Oncology
Chronic Graft-versus-Host Disease
Incidence of and Risk Factors for Chronic Graft-versus-Host Disease
Several important risk factors for the development and severity of chronic graft-versus-host disease (cGVHD) have been identified. Research into the immunologic drivers of cGVHD is burgeoning, and the evolving science could enhance cGVHD risk prediction, identification, and prevention.
Yes, cGVHD is a multiorgan disease, and it takes many different disciplines working together to provide optimal care. We are hematologists, or transplant professionals, by training, so we rely on individuals in other disciplines (eg, dentistry, ophthalmology, and rheumatology) in many important ways. This need has been increasingly appreciated, and now there are clinicians who are interested in ocular and oral GVHD, for example.

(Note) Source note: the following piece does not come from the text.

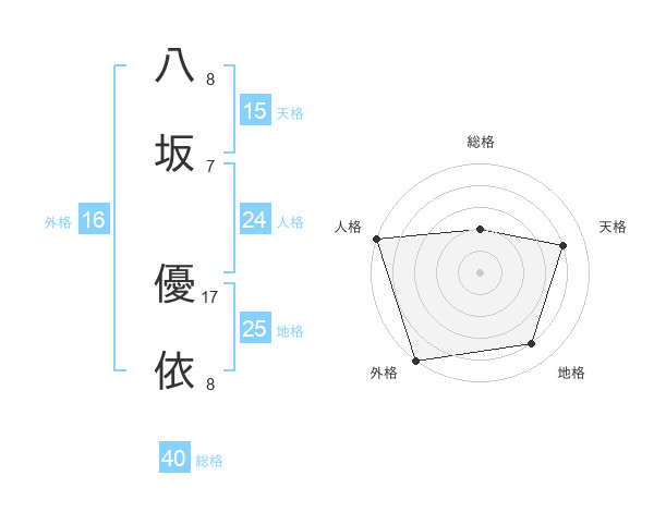 八坂 優依さんの天格は15画の4点!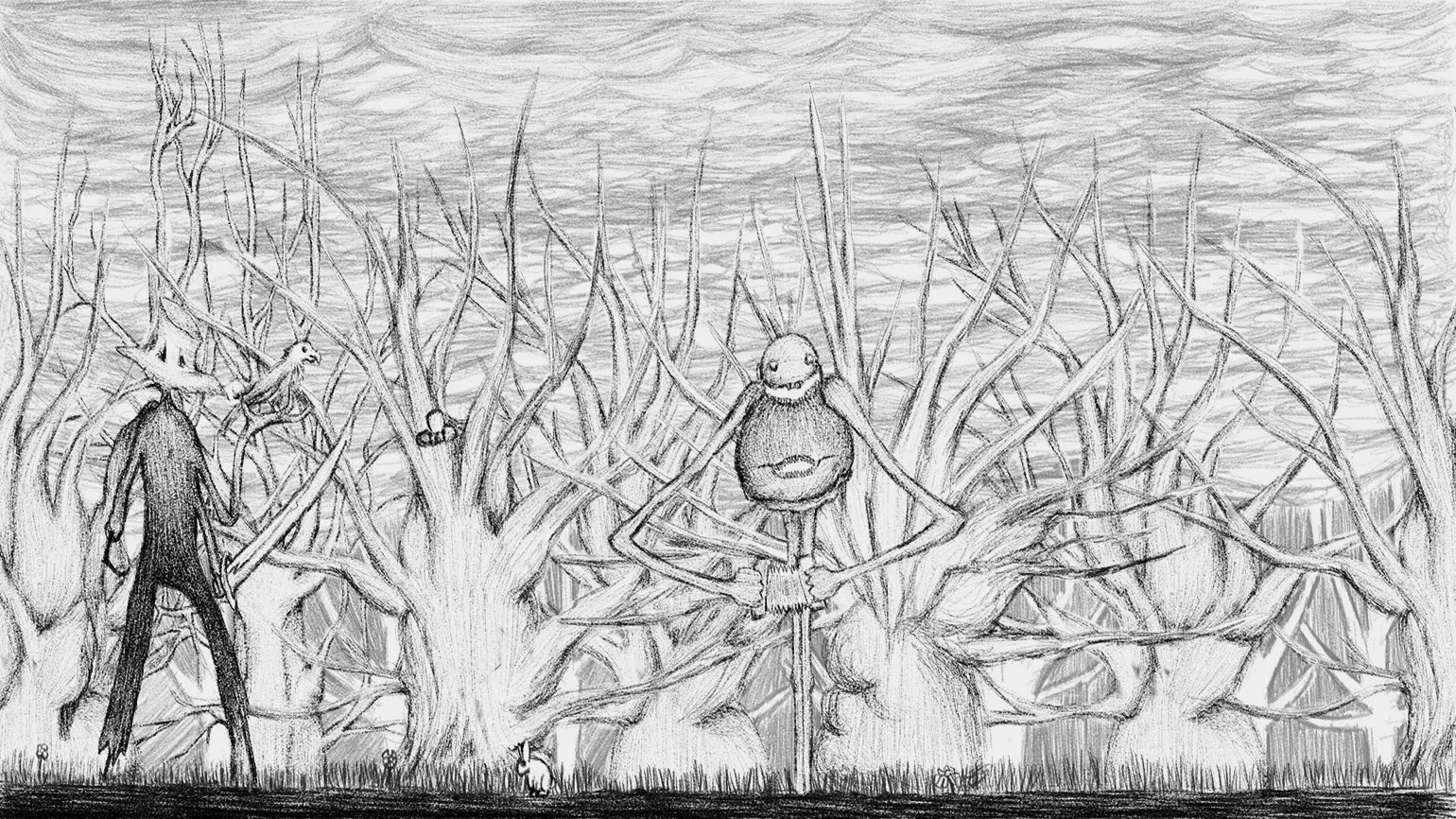 — Они всё ещё дёрганые, неполные и неплавные. Но в первом билде было ещё хуже. Перед тем как нас номинировали, я, не без помощи Вадима, залез в Unity, чтобы переделать визуал в соответствии со своим видением. Я поставил все анимации вручную, переделав атласы, и усложнил структуру уровня, добавив деревьев. В моём представлении лес должен быть зловещим, а не выглядеть тремя веточками, торчащими из лысой земли. Это привело к тому, что Вадиму сложно было подготовить новый билд, так как требовалась дополнительная оптимизация.

When patients can be seen by a specialist who is familiar with cGVHD of the eye or the mouth, not only can the specialist identify a potential issue earlier but they can also utilize interventions that are specific to the patients’ needs.

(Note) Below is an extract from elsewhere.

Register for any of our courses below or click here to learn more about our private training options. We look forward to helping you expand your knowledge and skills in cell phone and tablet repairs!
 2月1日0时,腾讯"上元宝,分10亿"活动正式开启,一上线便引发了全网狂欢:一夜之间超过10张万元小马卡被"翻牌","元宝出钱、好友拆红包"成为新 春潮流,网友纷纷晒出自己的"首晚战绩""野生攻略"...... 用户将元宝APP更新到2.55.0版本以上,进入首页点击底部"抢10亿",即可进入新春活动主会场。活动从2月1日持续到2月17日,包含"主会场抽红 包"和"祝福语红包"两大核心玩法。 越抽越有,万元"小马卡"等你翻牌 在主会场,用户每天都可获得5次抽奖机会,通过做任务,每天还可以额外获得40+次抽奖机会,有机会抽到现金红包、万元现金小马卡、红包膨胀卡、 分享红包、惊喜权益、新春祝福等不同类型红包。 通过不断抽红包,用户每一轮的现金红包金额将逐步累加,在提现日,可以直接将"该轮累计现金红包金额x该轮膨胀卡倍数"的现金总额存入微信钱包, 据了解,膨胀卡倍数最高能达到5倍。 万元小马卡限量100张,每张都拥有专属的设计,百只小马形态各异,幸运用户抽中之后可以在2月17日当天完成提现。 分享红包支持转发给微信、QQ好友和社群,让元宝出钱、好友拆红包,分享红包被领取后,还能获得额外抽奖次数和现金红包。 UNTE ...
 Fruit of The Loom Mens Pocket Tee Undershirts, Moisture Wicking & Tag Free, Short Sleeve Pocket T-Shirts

One of the manifestations of cGVHD that has, unfortunately, been underrecognized is gynecologic GVHD. There is an unmet need for our female patients who may have significant sexual dysfunction and vulvar sclerosis because they have cGVHD of the genital area—and no one has actually screened for this or has asked them about it.
We need to educate our referring physicians and primary care doctors to be vigilant for any suspicious symptoms of cGVHD on any part of the body and to be ready to send the patient for follow-up with the transplant center when concerning symptoms are identified.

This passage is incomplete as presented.